__Records shown__:
[Start of section]

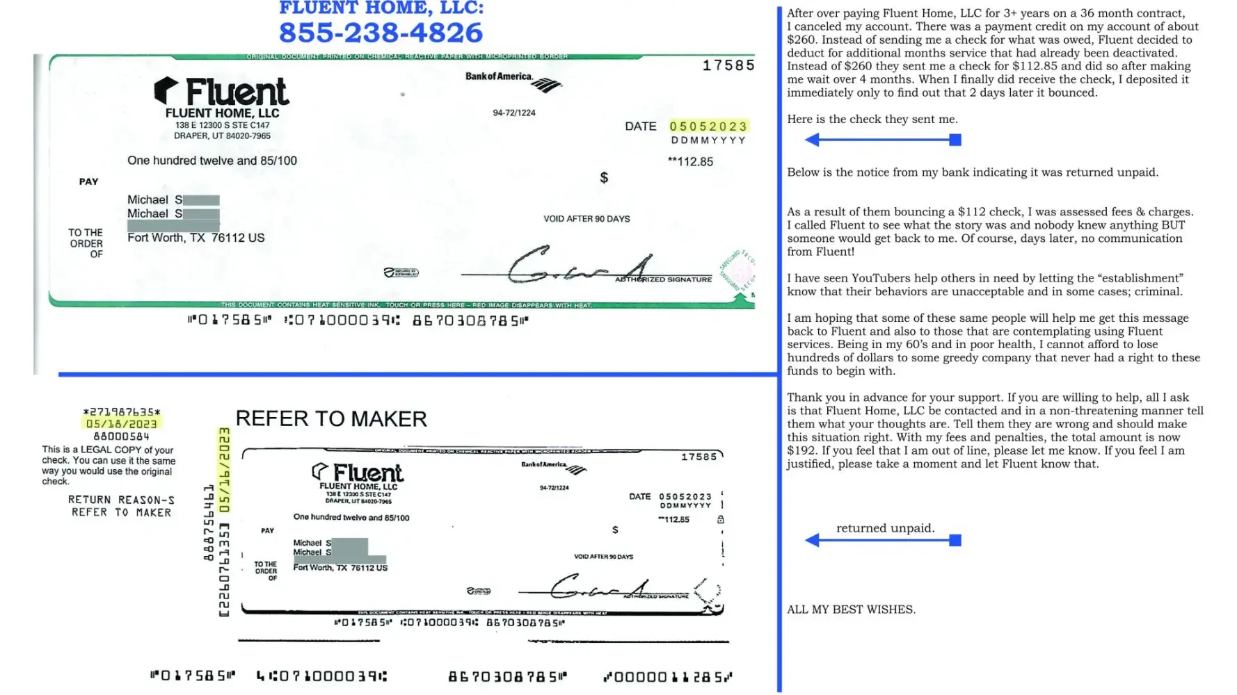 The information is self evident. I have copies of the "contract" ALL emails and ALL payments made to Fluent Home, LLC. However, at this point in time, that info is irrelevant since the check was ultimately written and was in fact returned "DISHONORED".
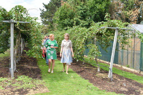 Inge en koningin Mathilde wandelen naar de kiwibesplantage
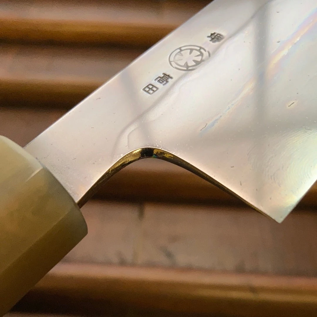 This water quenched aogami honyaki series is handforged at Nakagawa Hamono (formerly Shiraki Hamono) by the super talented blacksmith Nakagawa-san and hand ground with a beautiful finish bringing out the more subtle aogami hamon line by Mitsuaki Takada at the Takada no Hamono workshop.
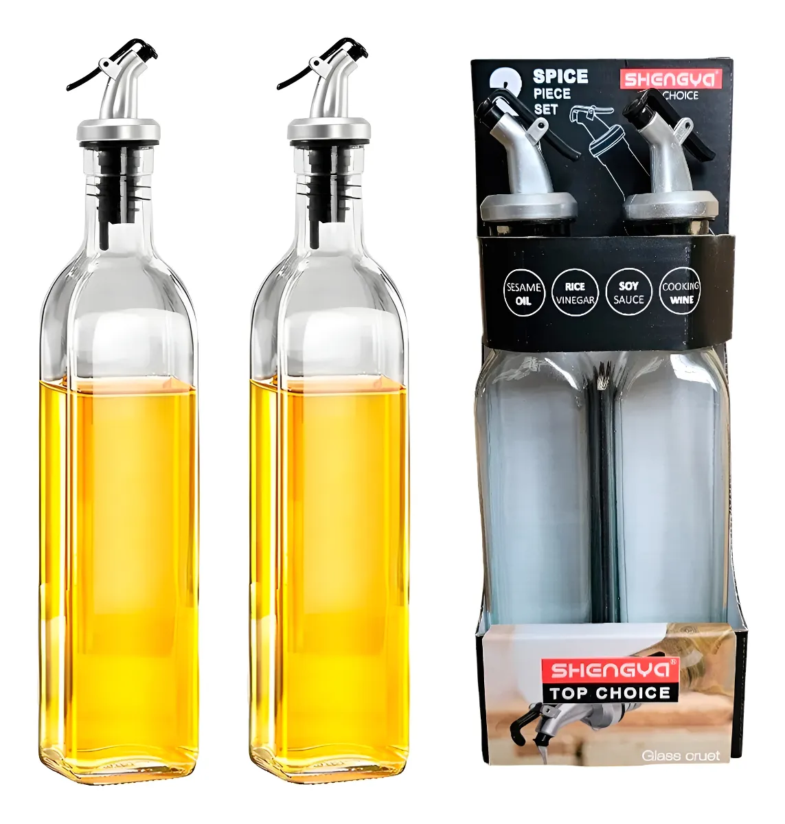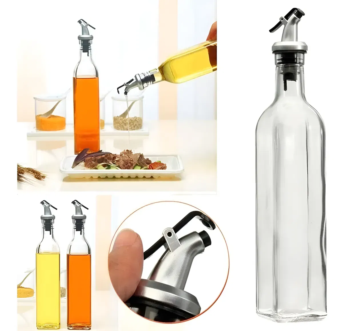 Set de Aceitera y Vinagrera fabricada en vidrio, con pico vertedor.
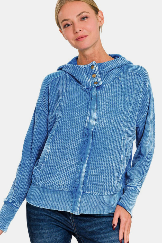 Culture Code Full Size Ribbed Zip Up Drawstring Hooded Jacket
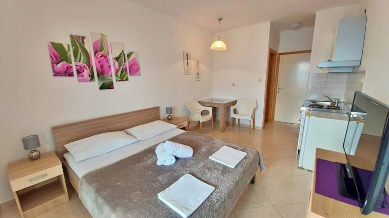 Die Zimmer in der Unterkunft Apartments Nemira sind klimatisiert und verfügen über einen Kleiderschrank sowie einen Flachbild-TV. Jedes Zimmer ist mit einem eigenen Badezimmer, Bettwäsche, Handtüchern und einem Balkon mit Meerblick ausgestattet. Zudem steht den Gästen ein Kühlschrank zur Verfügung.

[End of section]
[Start of section]

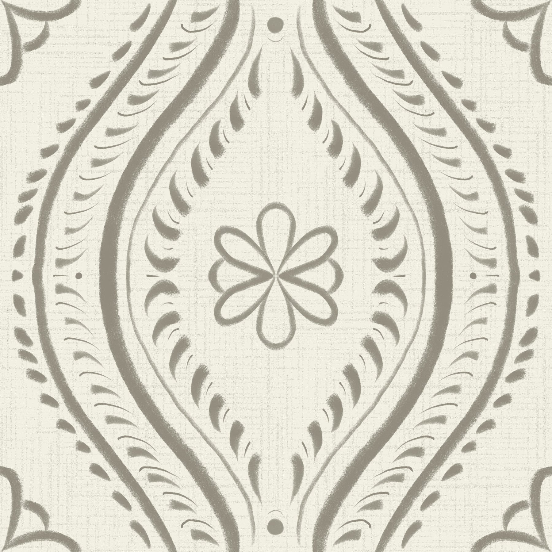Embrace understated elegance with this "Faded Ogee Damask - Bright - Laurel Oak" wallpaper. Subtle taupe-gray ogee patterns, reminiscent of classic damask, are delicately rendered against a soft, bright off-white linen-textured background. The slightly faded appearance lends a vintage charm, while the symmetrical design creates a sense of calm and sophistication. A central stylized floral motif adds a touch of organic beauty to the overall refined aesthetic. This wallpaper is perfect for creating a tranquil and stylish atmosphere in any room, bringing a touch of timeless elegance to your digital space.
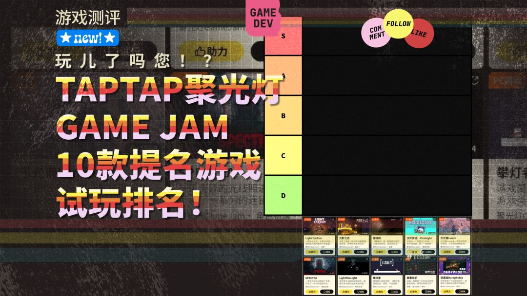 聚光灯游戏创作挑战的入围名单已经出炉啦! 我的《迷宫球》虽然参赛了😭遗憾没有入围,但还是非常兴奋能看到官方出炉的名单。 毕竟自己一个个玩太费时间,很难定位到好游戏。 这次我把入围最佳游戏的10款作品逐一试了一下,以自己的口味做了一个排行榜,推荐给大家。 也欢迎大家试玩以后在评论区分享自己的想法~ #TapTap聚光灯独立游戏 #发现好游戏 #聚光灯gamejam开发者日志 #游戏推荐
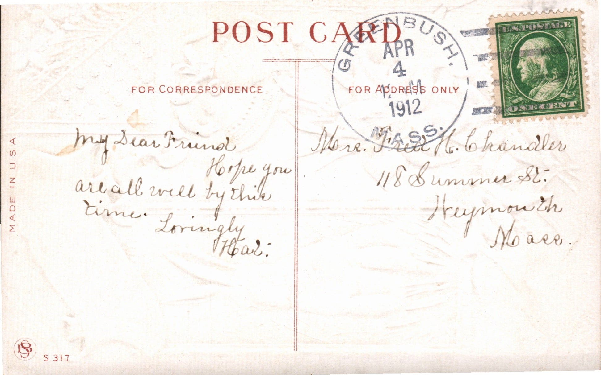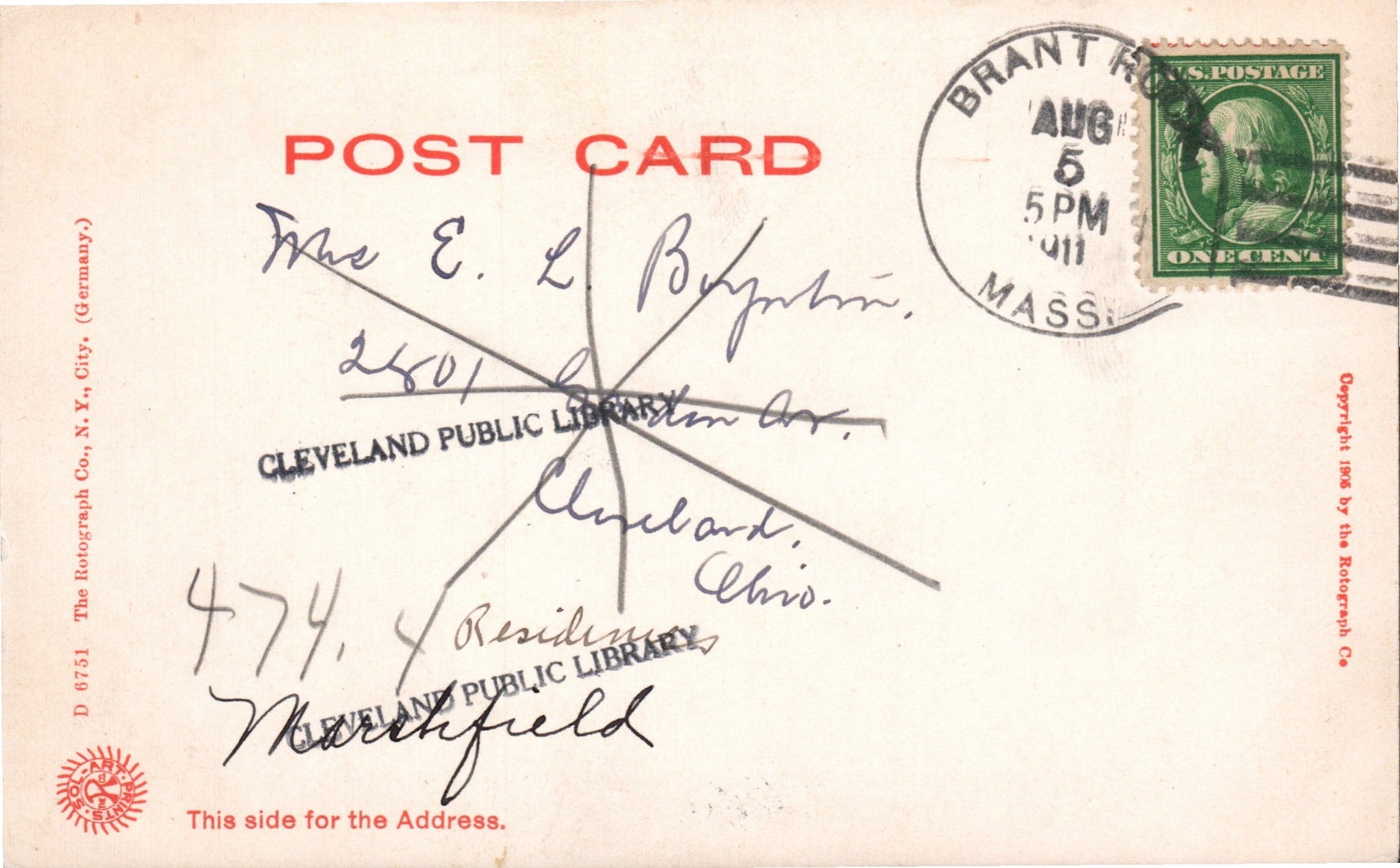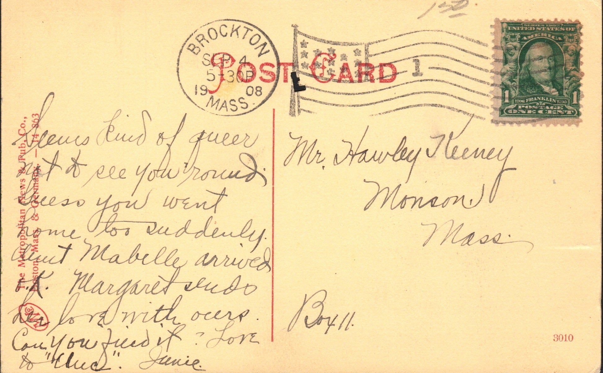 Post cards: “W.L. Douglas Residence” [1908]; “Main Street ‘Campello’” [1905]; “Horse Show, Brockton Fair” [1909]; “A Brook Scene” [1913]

[End of section]

What's needed is an exact copy of the lines above from the one with "Set de Aceitera" through the one with "Die Zimmer in", both included; the pictures stay out.

__Final answer__:
 Set de Aceitera y Vinagrera fabricada en vidrio, con pico vertedor.
 Culture Code Full Size Ribbed Zip Up Drawstring Hooded Jacket
 Die Zimmer in der Unterkunft Apartments Nemira sind klimatisiert und verfügen über einen Kleiderschrank sowie einen Flachbild-TV. Jedes Zimmer ist mit einem eigenen Badezimmer, Bettwäsche, Handtüchern und einem Balkon mit Meerblick ausgestattet. Zudem steht den Gästen ein Kühlschrank zur Verfügung.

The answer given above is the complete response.